Il docufilm diretto da James Rogan ricostruisce il naufragio della Costa Concordia attraverso testimonianze e immagini d’archivio, riportando al centro una vicenda che continua a dividere l’opinione pubblica. Tra i protagonisti emerge Francesco Schettino, ex comandante della nave coinvolta nel naufragio dell’Isola del Giglio e figura principale delle vicende giudiziarie successive al tremendo episodio marittimo.

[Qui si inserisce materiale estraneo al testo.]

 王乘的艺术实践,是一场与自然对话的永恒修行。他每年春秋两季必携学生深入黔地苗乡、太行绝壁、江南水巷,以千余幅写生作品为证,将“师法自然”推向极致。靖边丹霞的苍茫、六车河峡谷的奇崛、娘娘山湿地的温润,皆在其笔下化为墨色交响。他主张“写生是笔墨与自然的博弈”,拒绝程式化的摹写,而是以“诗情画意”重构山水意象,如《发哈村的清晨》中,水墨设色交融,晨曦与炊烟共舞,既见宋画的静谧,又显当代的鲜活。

La notte del 13 gennaio 2012 segnò una svolta agghiacciante quando la nave urtò gli scogli vicino alla costa toscana e iniziò una complessa fase di emergenza. Passeggeri ed equipaggio furono coinvolti nelle operazioni di evacuazione e soccorso coordinate dai diversi servizi intervenuti in quelle ore concitate.
Le indagini portarono a individuare responsabilità precise e la giustizia italiana concluse il procedimento con una condanna definitiva a sedici anni per Schettino. La sentenza ha indicato l’ex comandante come responsabile della serie di scelte che precedettero il naufragio e l’abbandono della nave prima del completamento delle procedure di sicurezza previste. Un passaggio che segnò profondamente l’intera vicenda.

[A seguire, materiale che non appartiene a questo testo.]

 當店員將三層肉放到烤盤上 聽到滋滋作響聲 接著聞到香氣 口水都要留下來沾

Attualmente Francesco Schettino è detenuto nel penitenziario di Rebibbia a Roma, dove una notizia appena arrivata fa sapere che mantiene una condotta esemplare e partecipa ad attività formative.I rapporti della casa circondariale parlano di lui come un detenuto rigoroso e disciplinato, fortemente orientato verso il riscatto personale e impegnato in un costante percorso di formazione che lo ha portato a seguire corsi universitari in materie giuridiche e giornalistiche.
Nel 2025, una domanda per ottenere la semilibertà collegata a un possibile incarico presso la Fabbrica di San Pietro in Vaticano è stata poi ritirata per difficoltà legate al progetto lavorativo. Il documentario Netflix riapre quindi il dibattito su una delle pagine più discusse della cronaca marittima recente, offrendo un racconto umano che riporta alla luce memorie e interrogativi rimasti vivi nel tempo attraverso prospettive capaci di coinvolgere ancora pubblico davanti allo schermo.